Source: StockCharts.com
Economic Outlook: While market-based indicators (the yield curve, credit spreads, inflation expectation, market breadth and gold's twelve-month rate-of-change) have modestly improved from the mid-February market lows, they still point to economic weakness and do not confirm the Fed's recent guidance of two (previously four) interest rate increases this year. Additionally, the Atlanta Fed's GDPNow Model is forecasting first quarter GDP growth of 0.10% for the first quarter, which is significantly below previous expectations of 2.5%
It has been our belief that economic growth peaked in late 2014 and now the economy is in the early stages of its down cycle. The previous expansionary cycle was muted because of our excessive debt burden, the increase in the tax and regulatory burden and the Fed's QE program, which reduced productivity by incentivizing corporate America to grow earnings through financial engineering rather than capital investment.
We believe the central bankers' monetary illusion, which stimulates asset prices but not the economy, is coming to an end because: negative interest rates - their new monetary tool - hurt the financial sector that they are trying to support, and QE creates misallocations of capital and wealth inequality (elevated asset values make the rich become richer, while the main street economy receives little benefit).

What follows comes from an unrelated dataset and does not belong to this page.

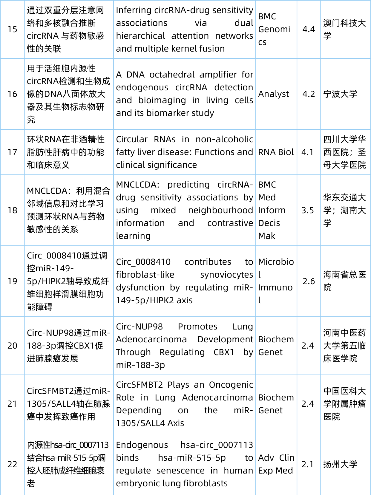 欢迎各位来到“circRNA研究汇总”栏目,本期从pubmed中检索收集最新发布的circRNA文献共计22篇,现在让我们一起看看circRNA研究最近有哪些新进展。 检索式:(circRNA[Title/Abstract]) OR circular RNA[Title/Abstract] 研究汇总列表 分类: circRNA与疾病, 前沿动态, 最新重要进展, 每周进展汇总, 研究思路与技术, 研究热点跟踪admin十二月 25, 2023评论
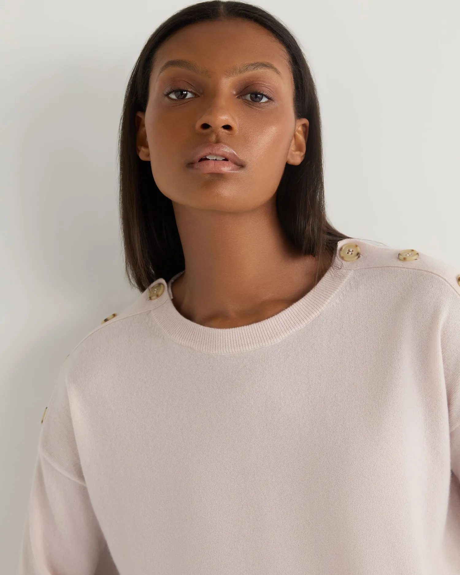 Sure to be a popular sweater for this season, with button detail on both shoulders. Made from 100% organic Mongolian cashmere of the very highest quality- Elegant plain knit stitch with matching ribbing on cuffs and hem- Looser fit casual style for leisurely weekends- Button detail on both shoulders, can be worn open or closed- 1ply- Model is wearing size Small- Care: Hand Wash Organic cashmere: organic dyes and detergents, free from fertilizer and pesticides, find out more heren

As we have argued for a long time, solid fiscal policy, not unprecedented monetary policy, is the solution to the repair our economic problems. In our view, it is essential that central bankers "get out of the way" and let the markets work. Once the free markets adjust and clear, they will give investors and corporations valid economic signals and the confidence to make long-term investment decisions that will spur economic growth. Additionally, if simple fiscal measures are enacted, such as, simplify and reduce the tax and regulatory burden, while adopting a rules-based monetary policy, we are confident that the significant pent-up demand (i.e., seven years of underinvestment) would lead to very robust growth - similar to the early-to-mid-1980s.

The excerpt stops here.